Exclusive: Deutsche Bank’s problem derivatives cloud recovery – sources
24 July, 2019, 9:35 pm
NEW YORK (Reuters) – Deutsche Bank AG’s (DBKGn.DE) turnaround strategy rests in large part on shedding 288 billion euros of unwanted assets. Three bank insiders said it will take years, tying up capital that could have generated income of 500 million euros ($557 million) a year.
The opportunity cost of holding the assets, which has not been previously reported, underscores the challenges facing Chief Executive Christian Sewing as he attempts to turn around the bank and restore confidence among investors who have seen the value of their shares decline by 75% in the past four years.
Sewing said earlier this month that Deutsche, Germany’s largest lender, would set up a bad bank to house the assets, which include equity, credit and interest-rate derivatives. The bank said it wants to offload most of its derivatives by 2020. Executives managing the book can either sell positions or allow them to gradually wind down over time, depending on which is more profitable.
The bank is planning an auction of its short-dated equity derivatives book, having already received “significant expressions of interest,” the sources familiar with the matter said. However, its long-dated interest rate and credit derivatives are expected to be much harder to offload, the sources said.
Deutsche Bank has held on-and-off talks with potential buyers of some of those assets over the past two years, three people said. The sales did not happen because the prices offered would have resulted in hundreds of millions of euros in losses for the bank, they said.
The bank’s decision to maintain the derivatives, rather than sell them at current market values, was strategic, Group Treasurer Dixit Joshi told Reuters Tuesday. He declined to comment on the 500 million euro figure.
“The metric we look at is how much capital are we freeing up from the capital release unit, net of any costs attached to that,” he said. “At the end of the process, the CRU (capital release unit) will release substantial capital that allows us to undertake the restructuring.”

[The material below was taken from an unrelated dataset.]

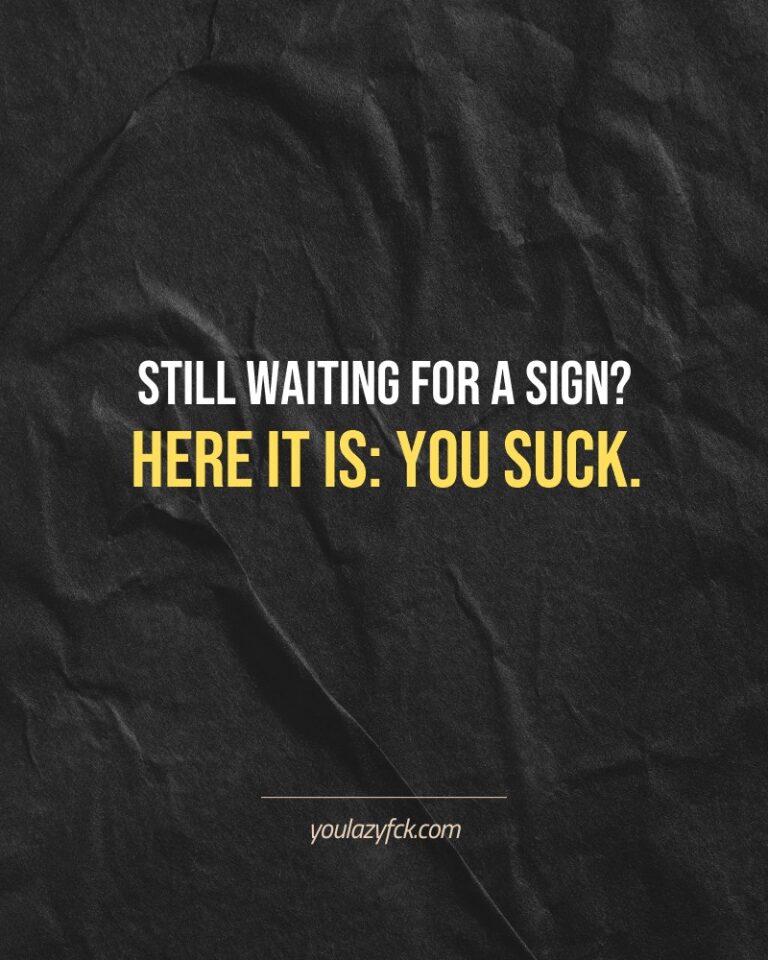 Here you’ll find a mix of our best and worst insults, all designed to poke holes in your excuses and kick you out of your comfort zone. It’s like flipping through a deck of cards, except every card calls you out for being lazy.

The derivatives themselves are not creating losses, but global regulations introduced following the financial crisis have forced the bank to hold more capital against them, which means Deutsche Bank cannot use those dollars for more profitable investments, the people said.
The 500 million euro figure is measured by how much the capital requirement is dragging on Deutsche Bank’s return on tangible equity, the people said. It is a key measure of how much profit a bank generates from shareholder funds.
Derivatives profits are often booked in their entirety when trades are made. But the assets sit on a bank’s books for the duration, meaning the bank must hold capital against them and take gains or losses as markets affect values.